# Marelli:"Fuorigioco di Giroud in Milan Napoli? Non c'era".



## admin (19 Dicembre 2021)

L'ex arbitro Marelli a DAZN:"Faccio fatica a vedere il fuorigioco di Giroud sul gol annullato a Kessie in Milan - Napoli. Giroud era a terra e non partecipava all'azione".


----------



## Milo (19 Dicembre 2021)

Pazzesco


----------



## iceman. (19 Dicembre 2021)

admin ha scritto:


> L'ex arbitro Marelli a DAZN:"Faccio fatica a vedere il fuorigioco di Giroud sul gol annullato a Kessie in Milan - Napoli. Giroud era a terra e non partecipava all'azione".


Non ci si lamenta mai? Mi fanno ancora più schifo i nostri sinceramente


----------



## diavoloINme (19 Dicembre 2021)

admin ha scritto:


> L'ex arbitro Marelli a DAZN:"Faccio fatica a vedere il fuorigioco di Giroud sul gol annullato a Kessie in Milan - Napoli. Giroud era a terra e non partecipava all'azione".

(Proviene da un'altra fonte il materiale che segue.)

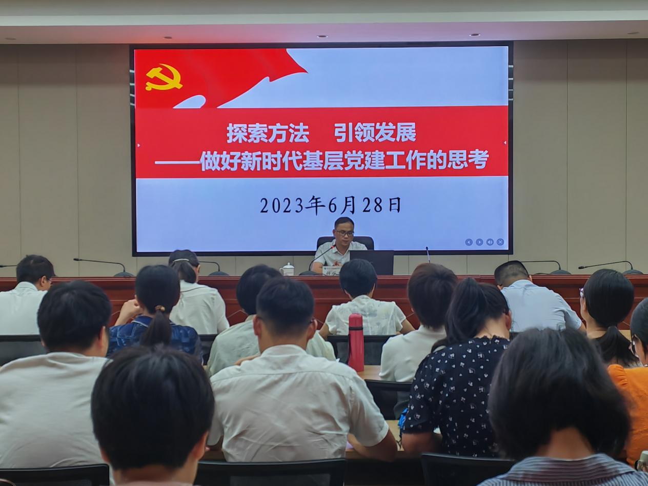 錢從明老師以《探索方法 引領(lǐng)發(fā)展——做好新時代基層黨建工作的思考》為題,從發(fā)展黨員工作中常見問題與困惑、如何總結(jié)凝練基層黨建工作經(jīng)驗(yàn)和做好新時代黨建工作的實(shí)踐思考三個方面對黨建工作進(jìn)行了全面的梳理和指導(dǎo)。他結(jié)合發(fā)展黨員專項(xiàng)檢查中遇到的問題、黨建項(xiàng)目申報(bào)優(yōu)秀案例等為例,對黨建工作實(shí)務(wù)進(jìn)行了詳細(xì)的講解,并從“勤學(xué)習(xí)、重思考、善作為、求創(chuàng)新”四個角度對黨務(wù)干部做好新時代基層黨建工作提供了建議。最后,與會黨務(wù)干部針對黨建雙創(chuàng)、支部立項(xiàng)、發(fā)展黨員等工作中遇到的實(shí)際問題與錢老師開展了現(xiàn)場交流。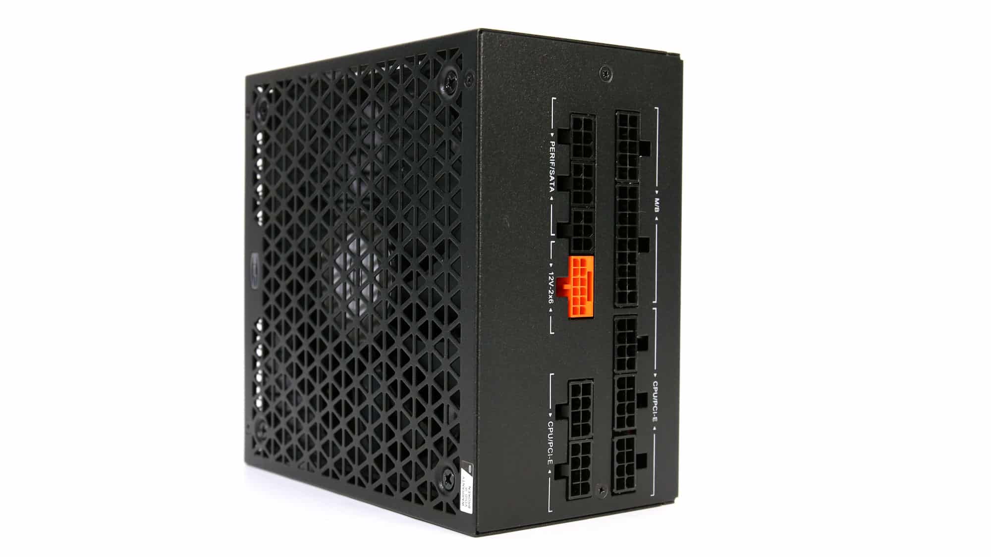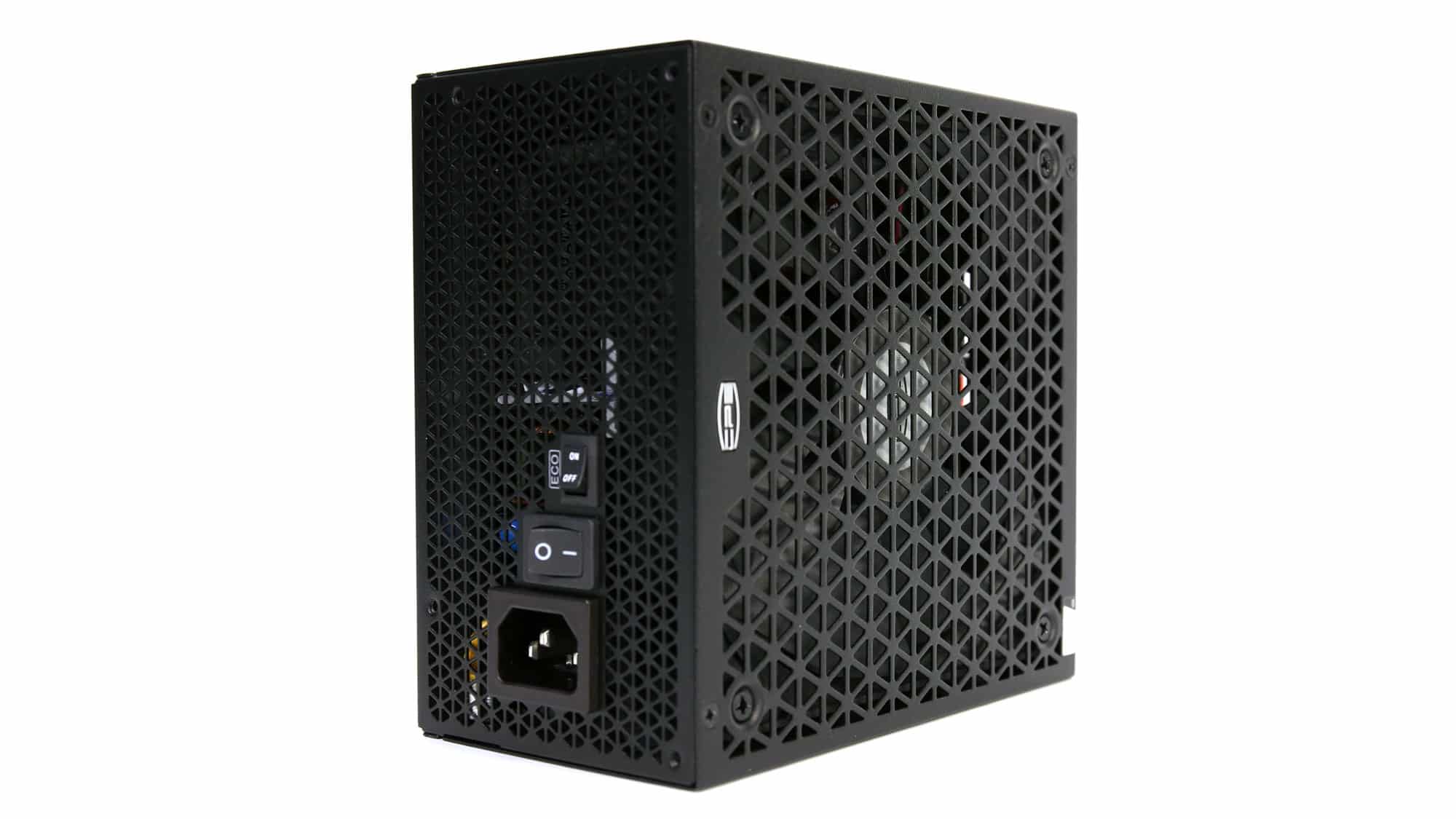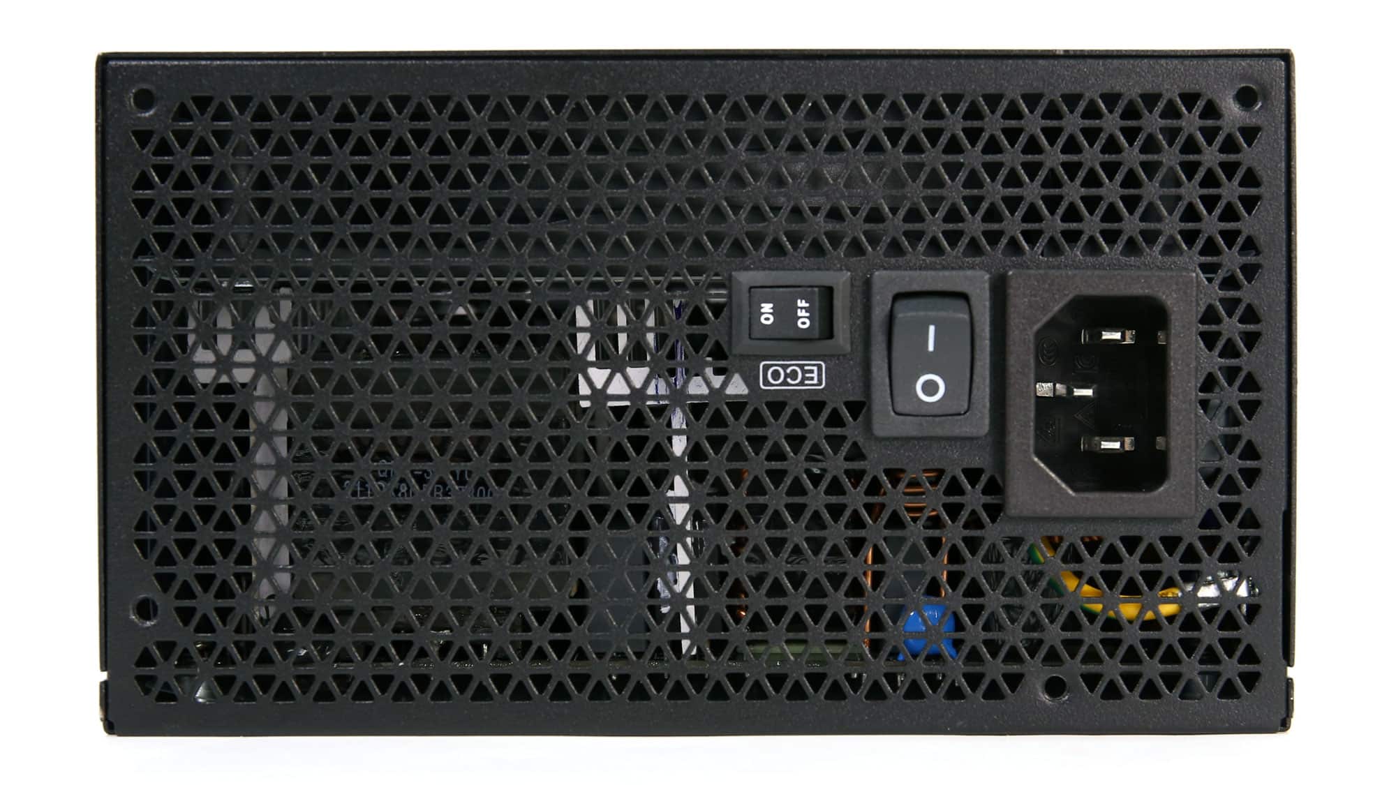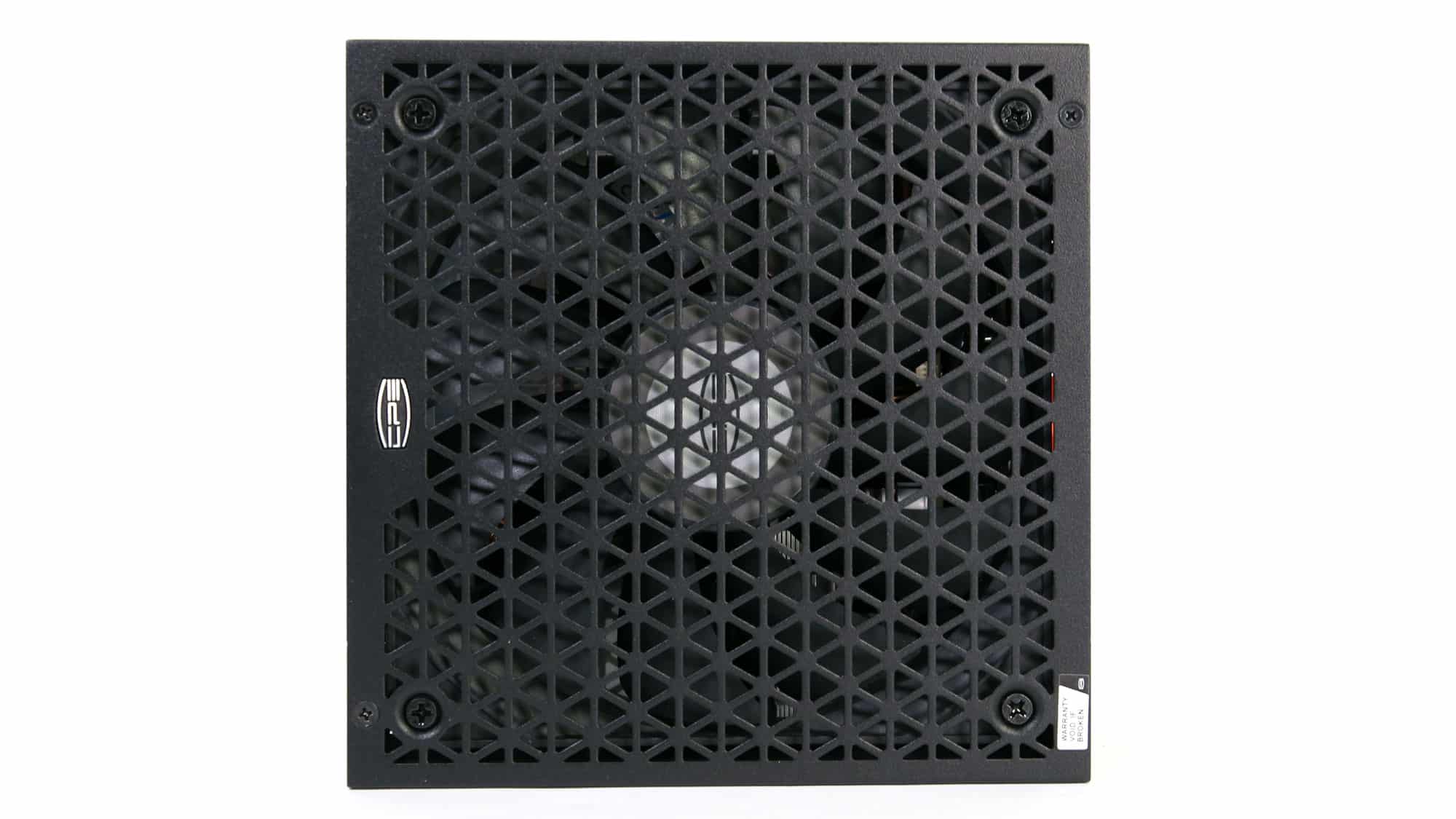 The exterior design stands out from the crowd due to the triangle perforations of the fan’s grille. On the front side, for the PSU’s exhaust, the same triangle-style perforations are used. On the same side, besides the AC receptacle and the power switch, you will also find a smaller switch for toggling the fan’s passive operation on or off.

Domani mi aspetto un comunicato ufficiale del Milan sul rispetto dell'ambiente.


----------



## Freddy Manson (19 Dicembre 2021)

continuiamo a seguire la via dello stare zitti mentre ce lo buttano nel culo a ripetizione, mi raccomando. p dio


----------



## JoKeR (19 Dicembre 2021)

Andrà tutto bene.


----------



## David Gilmour (19 Dicembre 2021)

diavoloINme ha scritto:


> Domani mi aspetto un comunicato ufficiale del Milan sul rispetto dell'ambiente.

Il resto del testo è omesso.